Merely knowing the letters of the Russian alphabet won’t help you much here.
Even if Celera had given us a true gene map and had been able to compose the genetic equivalent of Russian words and sentences out of the genome’s Cyrillic alphabet, the announcement would still be deceptive: there’s no such thing as "the human genome," because each individual’s genetic makeup is unique.
Celera is actually sequencing the genes of just five people, each of whose genetic makeup will be slightly different from the others’—and from your’s and mine. This point is far from splitting hairs—or DNA—because when it comes to fixing our bodies or finding out which medicine is best for any particular person, arguably the most important aspect of our genomes is not the 99.9 percent of the genes we share but the 0.1 percent or so that are different.
Further, Nobody reached any genetic milestone on June 26. There was no substantial difference between what had been accomplished by then as opposed to the month before or the month after. The press conferences were PR events, nothing more. Some scientists have admitted that the much-applauded announcement was hype, but they see Celera’s grandstanding as a way of boosting support for the biotech industry.
Yet despite some bad—and unfair—publicity in the area of genetically engineered crops, biotech needs no such PR boost. Throughout the world, companies are making incredible genetic-medical breakthroughs without any help from Celera or the Human Genome Project.
Rather than waiting for scientists to figure everything out, these companies are taking specific pieces of information they or others have collected and are applying them right now.

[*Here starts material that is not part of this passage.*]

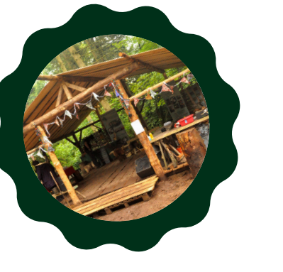
in pictures & numbers!*

In human trials, they’re already replacing and fixing faulty genes. They’re applying this kind of information to organ regeneration, experimenting on how to take cells from one part of a person and make them grow into a completely different type of cell in another part of that person, even a heart or a brain. In actual practice, they’re applying this knowledge to pharmacogenetics, determining a medicine or course of treatment based on mutations in a given gene in an individual person.
All of this is happening here and now to humans, not in test tubes or lab rats or transistors in a supercomputer. Biotech is already ushering in an age of medical miracles. There’s no need for grandstanding.